• [About this exercise] Repeat only the lines below that run from the line with "毛足を絶妙な長さにすることで" to the line with "-Hueso de la", ends included; skip every picture.

═══ Available data ═══

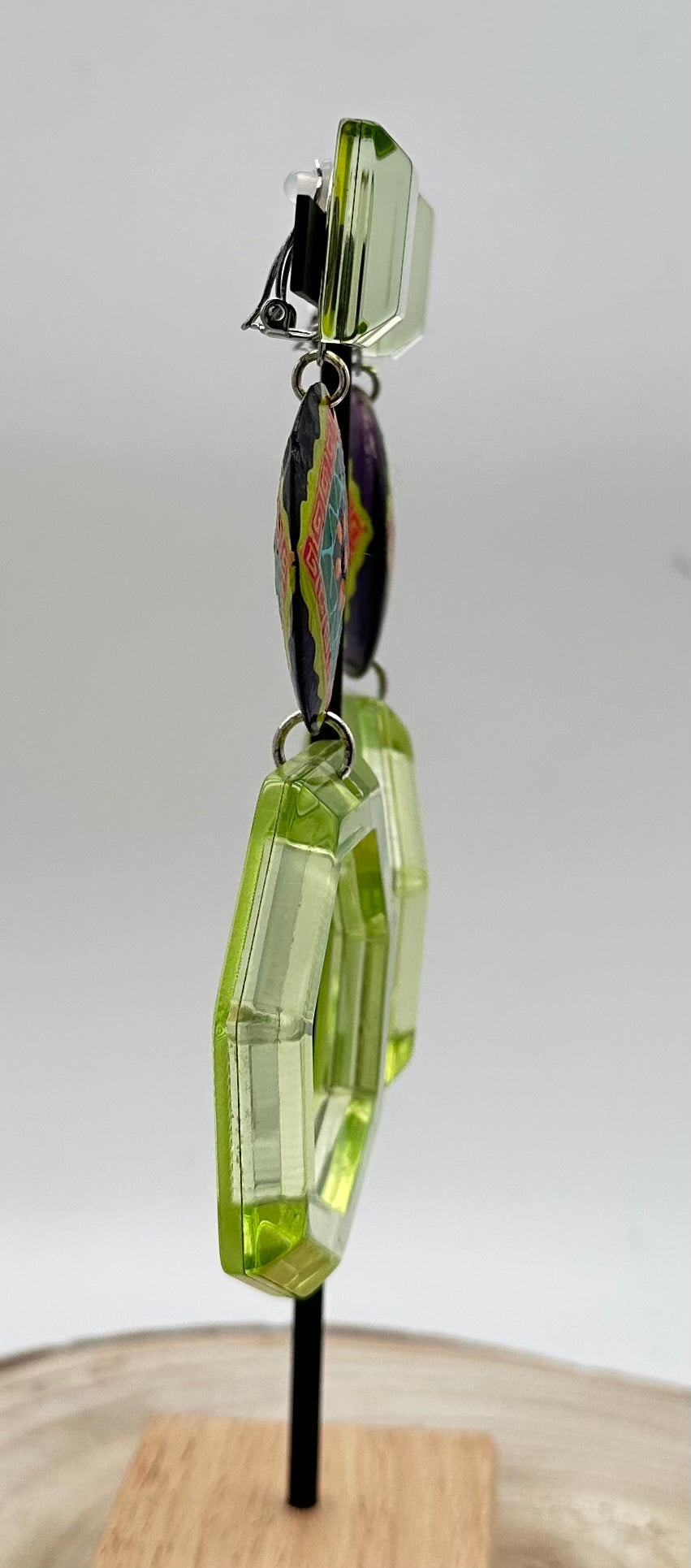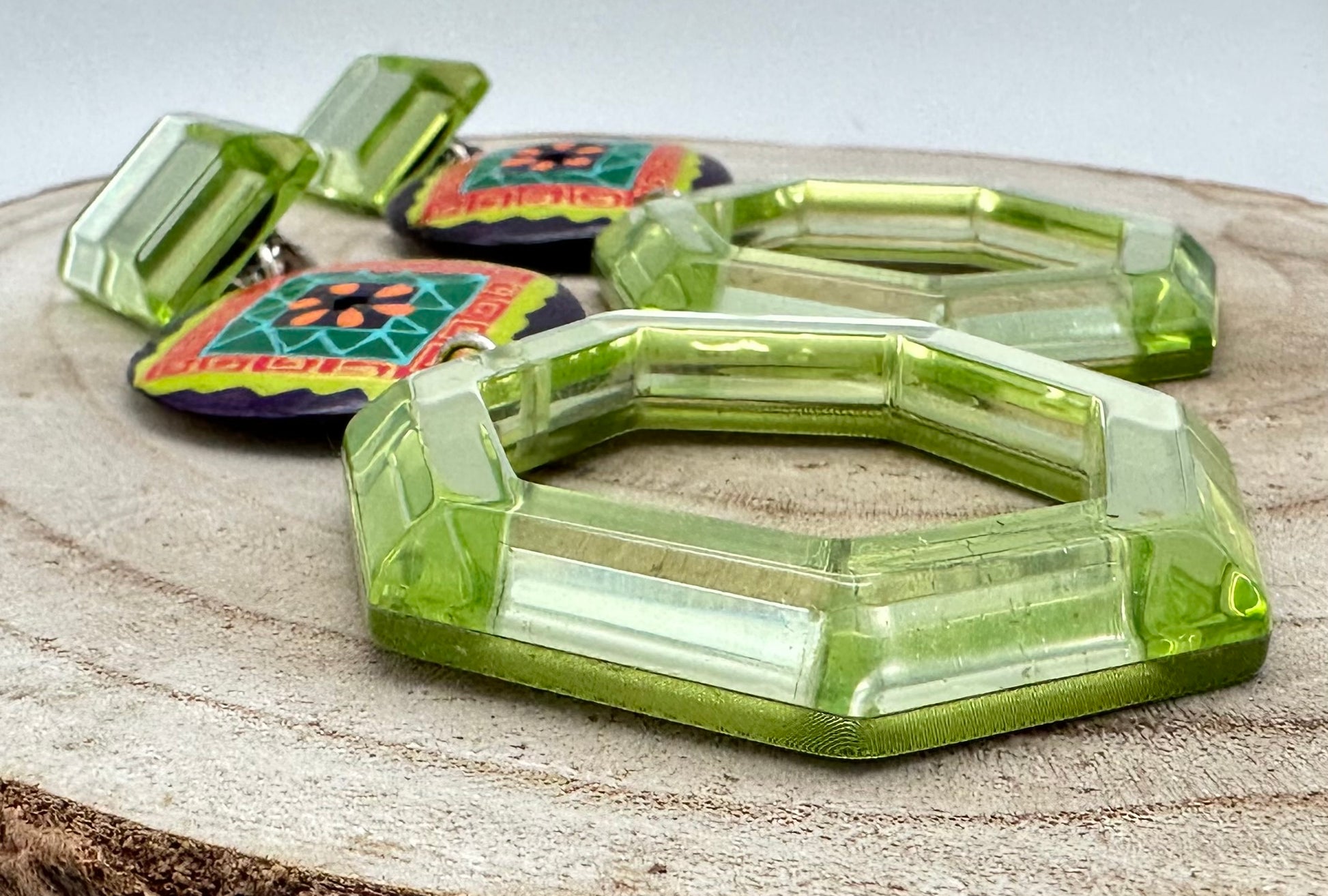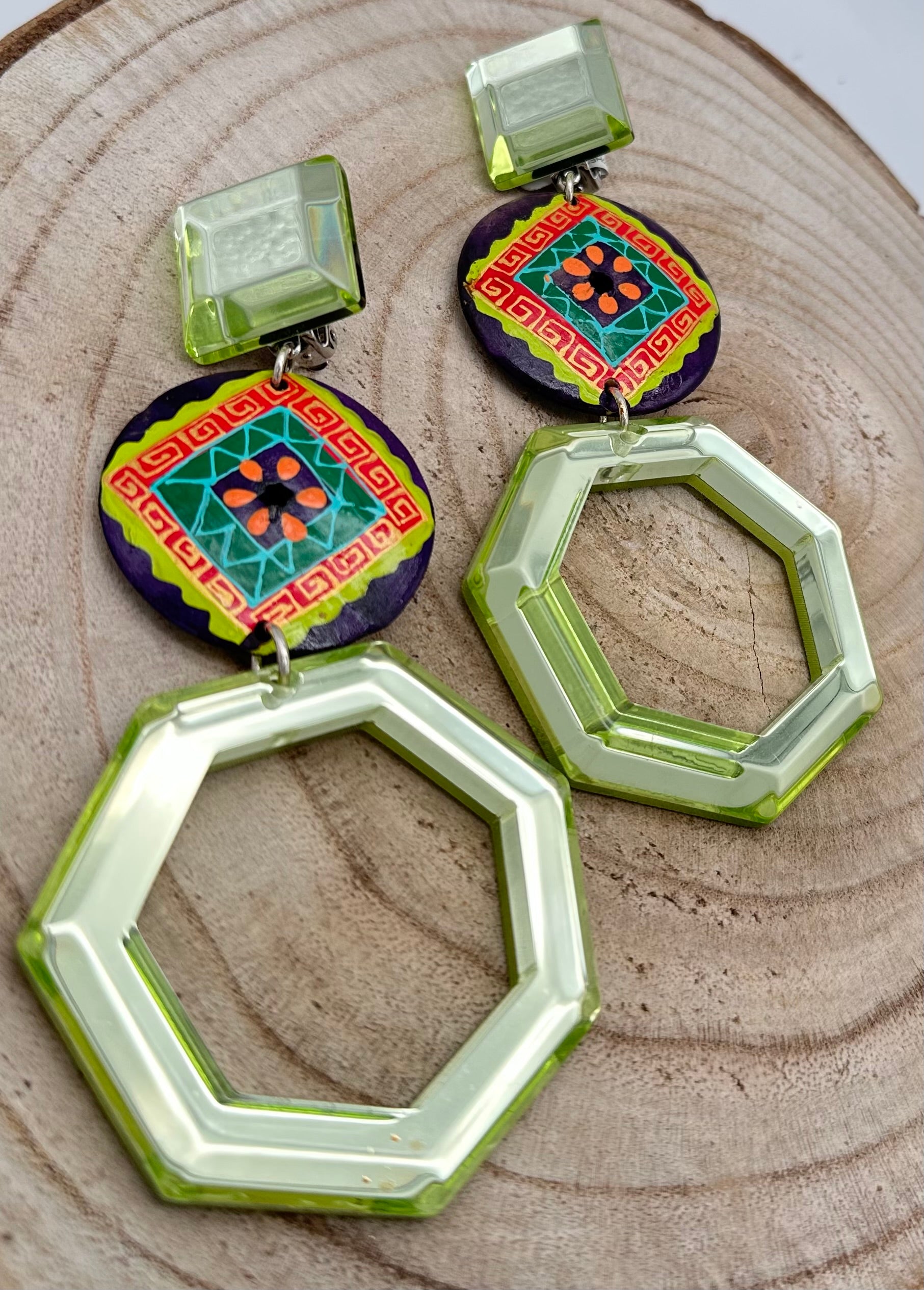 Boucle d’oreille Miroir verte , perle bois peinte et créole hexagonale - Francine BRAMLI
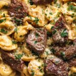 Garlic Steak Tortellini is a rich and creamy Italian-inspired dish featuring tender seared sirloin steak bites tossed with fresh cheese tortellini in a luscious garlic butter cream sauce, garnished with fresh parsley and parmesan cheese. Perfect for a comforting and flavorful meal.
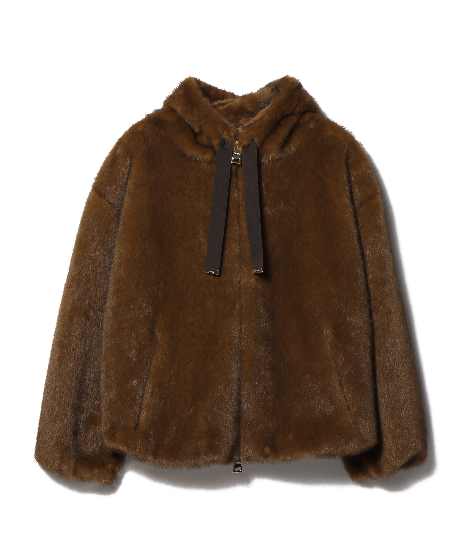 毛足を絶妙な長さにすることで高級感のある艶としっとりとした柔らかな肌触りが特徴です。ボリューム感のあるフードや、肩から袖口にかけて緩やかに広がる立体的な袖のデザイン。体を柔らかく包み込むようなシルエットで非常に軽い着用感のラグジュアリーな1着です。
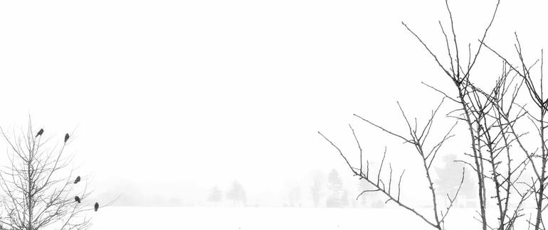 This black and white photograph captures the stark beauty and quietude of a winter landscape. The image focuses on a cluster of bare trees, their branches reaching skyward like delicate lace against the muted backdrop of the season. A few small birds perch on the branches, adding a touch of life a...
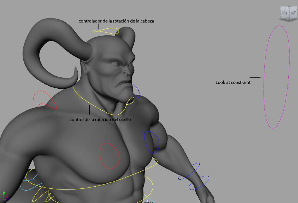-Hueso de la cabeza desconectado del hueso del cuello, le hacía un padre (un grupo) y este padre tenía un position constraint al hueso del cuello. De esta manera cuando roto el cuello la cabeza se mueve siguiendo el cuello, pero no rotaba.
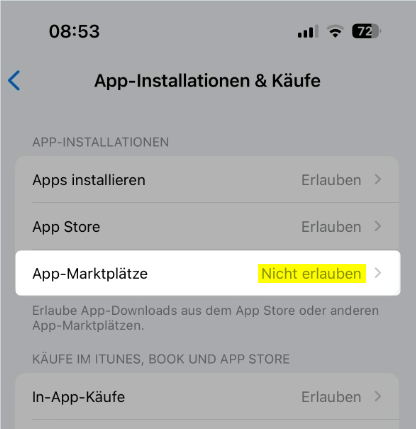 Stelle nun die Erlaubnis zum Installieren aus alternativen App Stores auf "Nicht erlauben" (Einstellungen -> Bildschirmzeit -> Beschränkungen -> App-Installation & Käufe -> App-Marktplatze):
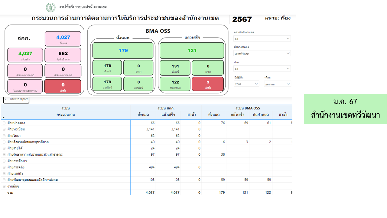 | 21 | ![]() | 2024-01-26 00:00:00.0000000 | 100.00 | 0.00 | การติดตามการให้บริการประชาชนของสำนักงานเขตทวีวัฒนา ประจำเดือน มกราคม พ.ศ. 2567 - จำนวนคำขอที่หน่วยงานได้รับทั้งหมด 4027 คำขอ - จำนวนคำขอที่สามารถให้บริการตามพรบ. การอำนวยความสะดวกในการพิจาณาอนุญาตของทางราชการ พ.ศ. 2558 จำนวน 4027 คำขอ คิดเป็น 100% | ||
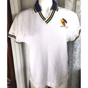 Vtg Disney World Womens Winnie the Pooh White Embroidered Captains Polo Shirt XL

═══

• [Output for this exercise]
 毛足を絶妙な長さにすることで高級感のある艶としっとりとした柔らかな肌触りが特徴です。ボリューム感のあるフードや、肩から袖口にかけて緩やかに広がる立体的な袖のデザイン。体を柔らかく包み込むようなシルエットで非常に軽い着用感のラグジュアリーな1着です。
 This black and white photograph captures the stark beauty and quietude of a winter landscape. The image focuses on a cluster of bare trees, their branches reaching skyward like delicate lace against the muted backdrop of the season. A few small birds perch on the branches, adding a touch of life a...
-Hueso de la cabeza desconectado del hueso del cuello, le hacía un padre (un grupo) y este padre tenía un position constraint al hueso del cuello. De esta manera cuando roto el cuello la cabeza se mueve siguiendo el cuello, pero no rotaba.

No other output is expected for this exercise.